··· SOURCE DATA ···
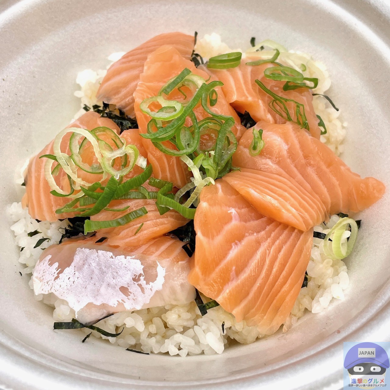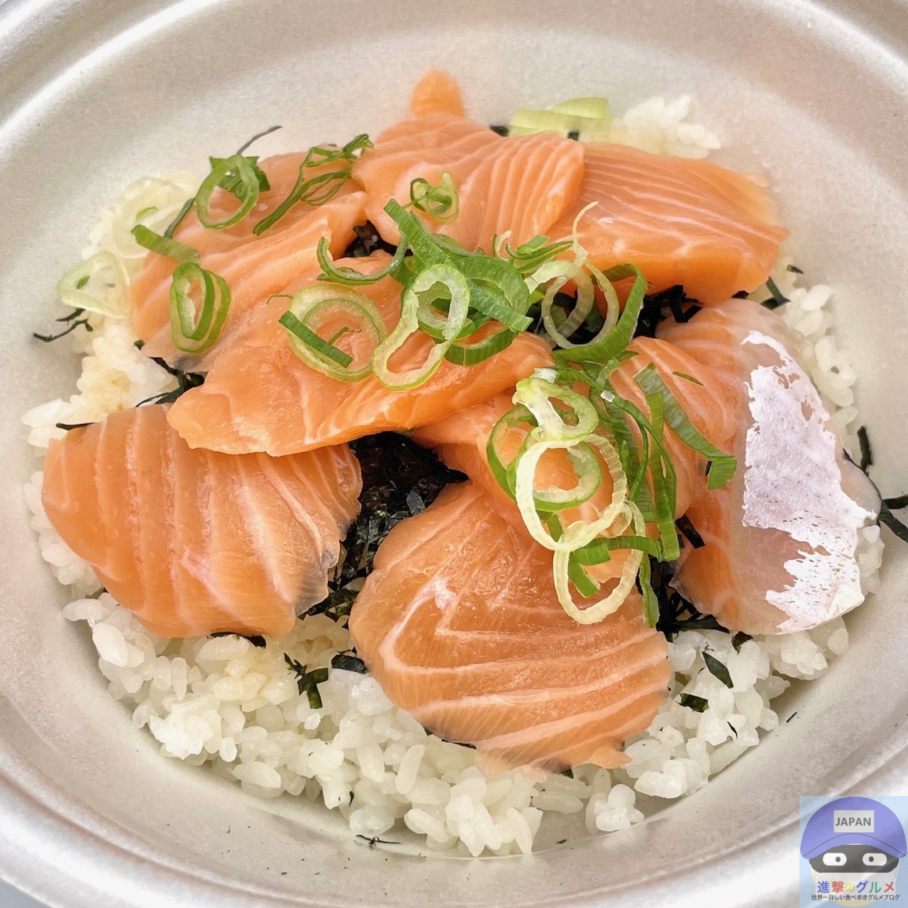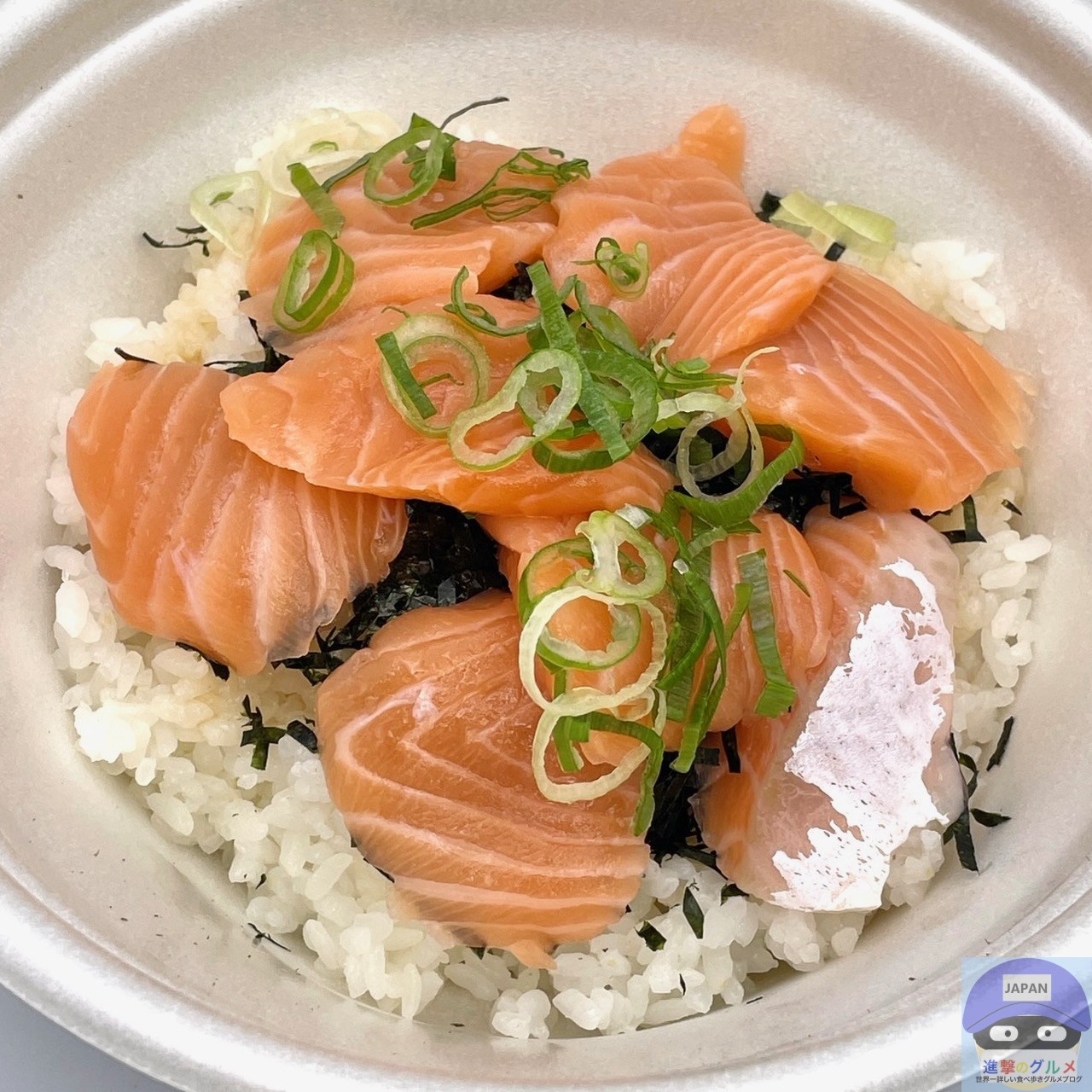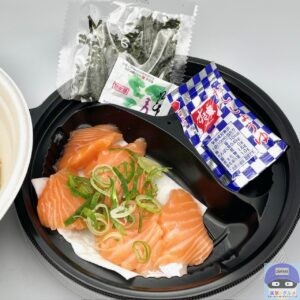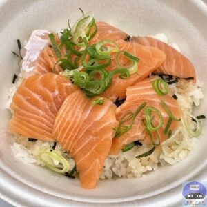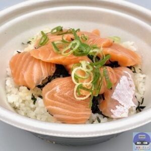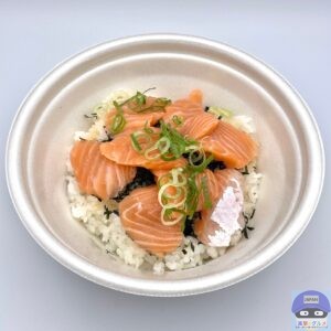 サーモン・青ねぎ・きざみ海苔・特製だれ・ごはんで作られています。
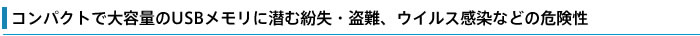 | 社内ネットワークのPCのウイルス対策だけでは万全ではありません。あらゆる場所でウイルス感染の危険にさらされているUSBメモリをウイルス対策することで、より安全が確保されます。 | ||||||
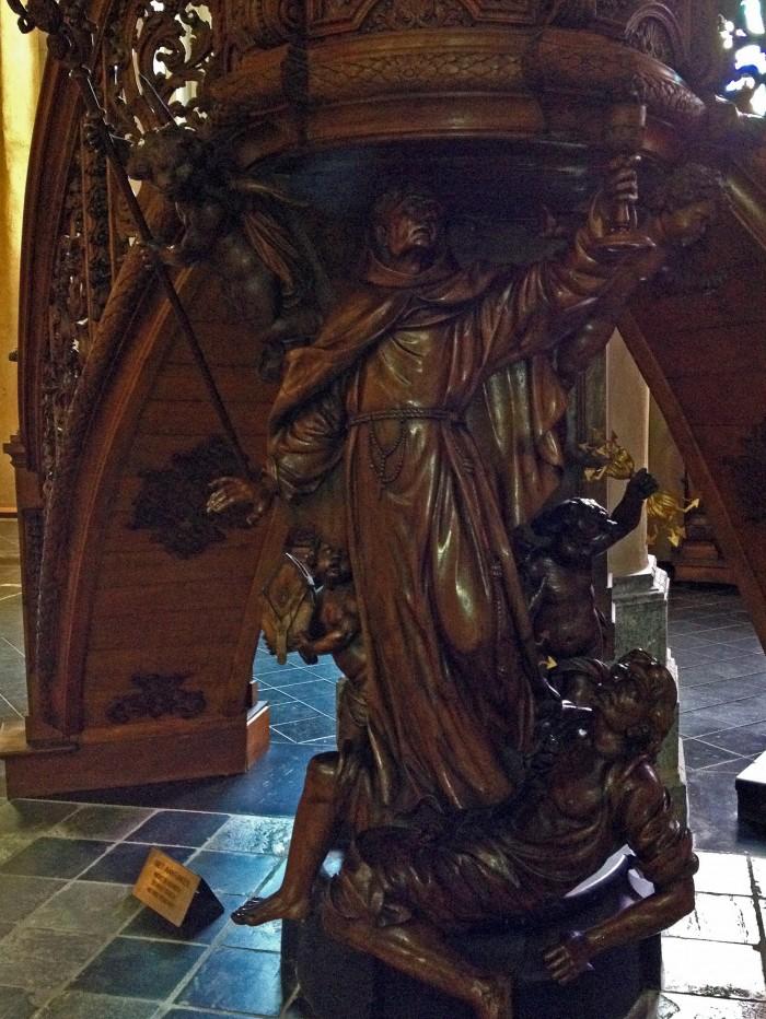 De preekstoel is door Petrus Vinck tussen 1725 en 1732 vervaardigd in Vlaamse rococostijl en is het meest indrukwekkende kunstwerk in de kerk. De figuur onder de kuip stelt Johannes van Capistrano voor, die de ketterij vertrapt.Deel deze preekstoel
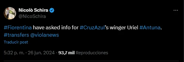 El primero en aparecer sondeando la situación fue Rayados de Monterrey, en donde el periodista de Fox Sports, Alex Blanco, dio detalles al respecto: “Tengo información sobre el azul , se que que hay MUCHO interés desde el norte por Uriel antuna. El equipo que lo quiere se va a RAYAR”, en una clara mención a dicho equipo sin la necesidad de nombrarlo.
···
#### [PROBLEM TO SOLVE]
Where images occur in the data above, leave them out and repeat everything else exactly.

#### [RESULT BELOW]
 サーモン・青ねぎ・きざみ海苔・特製だれ・ごはんで作られています。
 | 社内ネットワークのPCのウイルス対策だけでは万全ではありません。あらゆる場所でウイルス感染の危険にさらされているUSBメモリをウイルス対策することで、より安全が確保されます。 | ||||||
 De preekstoel is door Petrus Vinck tussen 1725 en 1732 vervaardigd in Vlaamse rococostijl en is het meest indrukwekkende kunstwerk in de kerk. De figuur onder de kuip stelt Johannes van Capistrano voor, die de ketterij vertrapt.Deel deze preekstoel
 El primero en aparecer sondeando la situación fue Rayados de Monterrey, en donde el periodista de Fox Sports, Alex Blanco, dio detalles al respecto: “Tengo información sobre el azul , se que que hay MUCHO interés desde el norte por Uriel antuna. El equipo que lo quiere se va a RAYAR”, en una clara mención a dicho equipo sin la necesidad de nombrarlo.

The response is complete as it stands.